Voters May Punish Democrats for Strangling Reform

Mr. Ashley, president of the Association of Bank Holding Companies, recently provided a commentary to its members on legislative developments in Washington. This is an edited version.

Complex political cross-currents have influenced the way Congress handled the administration's comprehensive banking reform package.

Protected financial intermediaries have been pitted against companies mired in product and geographic restrictions, small banks against their larger brethren, federal against state regulators, and federal against federal.

And always, of course, there has been the turf politics that marks the congressional committee system.

Political Limelight

Bank reform is in a position to become a high-profile public issue - for the first time since the 1930s - in next year's congressional and presidential elections.

My reasoning is simply this:

* The making of bank legislation, as of sausage, is an unseemly process, of interest mainly to those who are paid for their efforts. The average voter - or congressman, for that matter - does not really understand or care a lot about the intricacies of financial institution regulation.

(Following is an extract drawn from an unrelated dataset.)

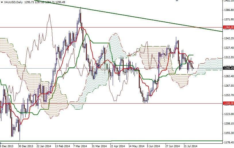The XAU/USD pair had three bearish days in a row as the American dollar continued to gain strength. Demand for the greenback increased after the U.S. GDP report beat estimates and the Federal Reserve announced a sixth straight $10 billion cut to its asset-purchases program. Data released by the Commerce Department showed that the world's largest economy grew at an annual rate of 4% in the second quarter. Although policy makers stayed on course to end the purchase program in October, they repeated that "it likely will be appropriate to maintain the current target range for the federal funds rate for a considerable time after the asset purchase program ends".
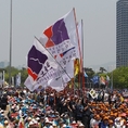 (조세금융신문=전한성 기자) 전국금융산업노동조합(위원장 김문호)이 5월 1일 근로자의 날을 맞아 서울 여의도 문화마당에서 조합원 5만명이 참석하는 '전국금융노동자대회'를 개최한 가운데집회장에 각 노조 깃발이 들어오고 있다.금융노조는 이날 집회에 한국노조조합총연맹 소속 노조로는 이례적으로 집회에 한상균 민주노동조합총연맹 위원장과 김동만 한국노총 위원장을 모두 초청하는 등 정부의 노동시장 구조개혁 추진에 대항해 전면전에 나설 방침이며, 특히 양대노총 위원장이 노동시장 구조개혁에 대한 공동대응 기조를 천명했다.현재 정부는 노동시장 구조개혁에 대한 노사정협상이 결렬되자 ▲ 일반해고 요건 완화 ▲ 취업규칙 불이익변경요건 완화 ▲ 직무성과급제 및 임금피크제 전면 도입 ▲ 기간제 사용기간 연장 및 파견업종 확대 등을 정부 단독으로 추진하겠다는 방침을 고수하고 있고, 반면 금융노조는 정부의 이런 정책이 가장 먼저 공공부문과 시중은행 노동자들에게 강제로 시행될 것이라며 강력 반발하고 있는 상태이다.김문호 금융노조 위원장은 "이명박 정권 시절 정부는 일자리 창출을 명분으로 신입직원들의 초임을 20% 일괄 삭감하는 정책을 공공기관과 시중은행들을 대상으로 시행한 전례

* In the wake of the thrift disaster, however, and with the economy under stress, legislators and voters care a great deal about having a banking system that can assure deposit safety without taxpayer risk and can also provide a sufficient supply of credit to get the economy back on track.

A Program Destroyed

After the administration's broad-gauged reform package was proposed, in February, and substantially approved by the House Banking Committee, powerful special interests took control of the legislative process.

With the support of key Democratic committee chairmen in the House and Senate, reforms proposed by the White House were rejected in favor of new regulatory restrictions to protect the securities and insurance industries from bank competition.

The White House, though it cannot force Congress to accept structural reform based on a competitive marketplace, can reject Congress' protectionist alternative.

A Plus for the GOP

Furthermore, President Bush can use the "bully pulpit" of the presidency to take his case for reform to the American people.

At a time when the entire world is accepting the need for marketplace discipline, bank reform is a tailor-made issue for the President and Republicans in Congress.

Republicans will be able to argue that Democrats, in rejecting reforms, bowed to special interests and stood in the way of a return to a healthy economy.

There is an old saying that good policy makes good politics, and vice versa. If they aren't careful, Democrats on Capitol Hill may prove that bad policy can be good politics - for Republicans.